Collections of Russian folk costume stored in museums reveal to us beautiful folk art, the rich imagination of Russian people, their subtle artistic taste And high craftsmanship. Perhaps no country in the world, no people has such a wealth of traditions in the field of national folk art like Russia.

For several centuries, among Russian peasants, the men's suit was a fairly uniform complex: an untucked shirt, ports, a lower and upper caftan, a belt, a headdress, bast shoes or boots. General basis folk men's costumes manifested themselves in traditional material, cut, silhouette, ornamentation, color, ways to wear and complete costume details, architectonics (composition).

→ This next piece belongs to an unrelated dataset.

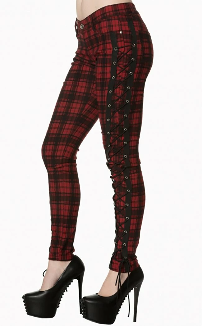 Badass red tartan jeans with front pockets, back zipped pockets andΒ corset lacing up the sides.
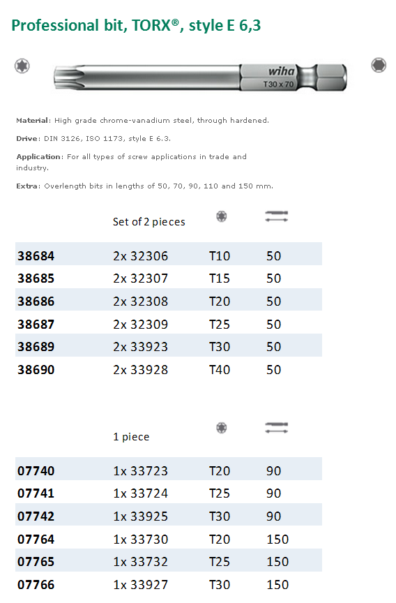 Wiha : WIHA- Embouts - Embouts Professional - Embouts Professional Grandes Longueurs TORX forme E 6,3

Along with the unity of ideological content and structure of men’s costumes, there were some ethno-local style features, characteristic not only of specific provinces and districts, but also of individual villages.

From the 12th to the mid-19th centuries. Shirts were made mainly from linen or hemp canvas, decorating the collar, shoulders and sleeves with stripes of red-patterned fabric or embroidery. Festive shirts were made from bleached thin linen, and everyday shirts were made from coarser unbleached homespun fabric, as well as from variegated or dyed fabric. In the second half of the 19th century for sewing festive men's shirts began to buy factory fabrics: calico, Alexandria - red paper fabric with white, yellow, blue stripes, as well as calico (cheap paper fabric), chintz, semi-silk, and much less often wool.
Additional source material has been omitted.